Para o primeiro período, são previstas alterações climáticas mais brandas. Já para 2070, a expectativa é de mudanças drásticas, que deverão provocar maiores adaptações sociais e econômicas.

Cana-de-açúcar
Plantação de cana-de-açúcar: no estado do Rio de Janeiro, aquecimento inicial poderá até beneficiar a atividade, mas temperaturas altas demais previstas para 2070 devem levar a declínio do setor (foto: Wikimedia Commons/ Simeon – CC BY 3.0).

Impactos

O estudo analisou regiões com culturas de feijão, milho, soja, algodão, arroz, cana-de-açúcar, mandioca e café. Para 2020, os cálculos mostraram que pode haver uma queda de até 4% na atividade econômica do Nordeste. “Os cultivos agrícolas do Centro-Oeste, especificamente nos estados de Mato Grosso e Mato Grosso do Sul, também seriam bastante afetados, principalmente o da soja”, explica o economista.

Já o Sudeste poderia até sair ganhando: o cultivo de cana-de-açúcar seria favorecido pela elevação da temperatura, já que depende de um clima mais quente. A atividade econômica da região teria aumento de 0,83%.

As projeções para 2070 são mais alarmantes. Os prejuízos econômicos no Nordeste foram estimados em 6,13%

As projeções para 2070 são mais alarmantes. No país, a queda no PIB seria de 1,1%. “Considerando-se os preços de 2005, essa diminuição seria equivalente a R$ 26 bilhões”, analisa Moraes.

Os prejuízos econômicos no Nordeste foram estimados em 6,13%. Isso provocaria uma onda de migração da mão-de-obra para estados como São Paulo, Rio de Janeiro e Brasília. O Sudeste, agora, sairia perdendo, uma vez que as temperaturas já estariam altas demais para o cultivo da cana-de-açúcar.

Um estudo semelhante foi realizado em 2008 pela Embrapa [PDF]. Enquanto este fez uma projeção com regiões do país que apresentariam áreas aptas para o cultivo, o trabalho de Moraes se baseia nas áreas agrícolas atuais e nos alimentos cultivados em cada região. A partir desses dados, analisa o comportamento da economia como um todo. O economista foi orientado pelo agrônomo Joaquim Bento de Souza Ferreira Filho Moraes, professor-titular da Esalq/USP.

Moraes acredita que outros setores da economia também serão afetados, como a saúde pública.

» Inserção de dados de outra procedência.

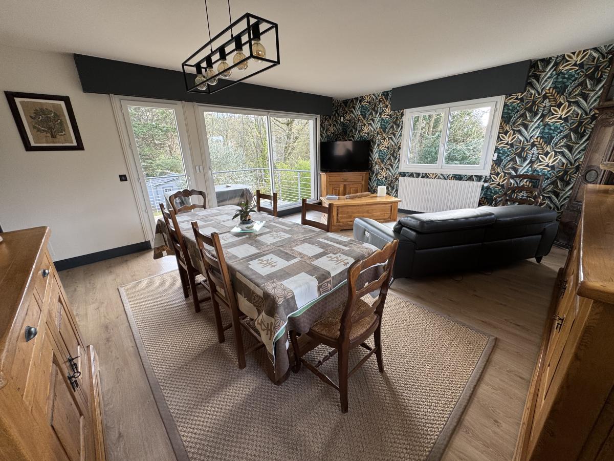 Au rez-de-chaussée surélevé: palier, séjour-salon avec terrasse, cuisine, chambre avec salle de bains et wc.

Ele se refere a estudos que associam as alterações climáticas a um aumento de doenças tropicais. “O redirecionamento de recursos para atender a população vulnerável, predominantemente pobre, será uma necessidade dos futuros orçamentos públicos, agindo para mitigar os efeitos da mudança climática”, diz um trecho do estudo.

Paquistão
As enchentes causadas pelas chuvas no Paquistão: os mesmos bilhões necessários para reconstruir o país poderão ser um gasto necessário no Brasil no futuro (Matloob Ali/ Oxfam – CC BY-NC-ND 2.0).

Prejuízos como no Paquistão?

As enchentes que assolaram o Paquistão nas últimas semanas mostram, segundo Moraes, como pode custar caro a reconstrução de um país – estimado em alguns bilhões de dólares pela ONU.

De acordo com os cálculos feitos pelo economista, o prejuízo do Brasil com o aquecimento global – considerando-se o cenário para 2070 utilizado na tese – demandaria gastos tão elevados quanto o do país asiático. 

O prejuízo do Brasil com o aquecimento global demandaria gastos tão elevadosquanto o do país asiático

“A ONU estima que os prejuízos possam chegar a US$ 46 bilhões. Não posso relacionar o atual desastre a mudanças climáticas. Mas é possível que o aquecimento global torne esse tipo de ocorrência mais frequente”, considera.

O prejuízo pode não ser apenas nas contas do governo: “A conta pode aumentar não só para os gastos públicos, como também nos investimentos do setor privado, por meio de seguros e reparos”, explica.

O prognóstico parece sombrio, mas o economista acredita que os resultados apontados podem contribuir para um maior engajamento da sociedade em relação ao aquecimento global. “O comprometimento pode aumentar, estimulando pesquisas para diminuir a emissão de gases [poluentes] e a busca por fontes renováveis de energia”, conclui.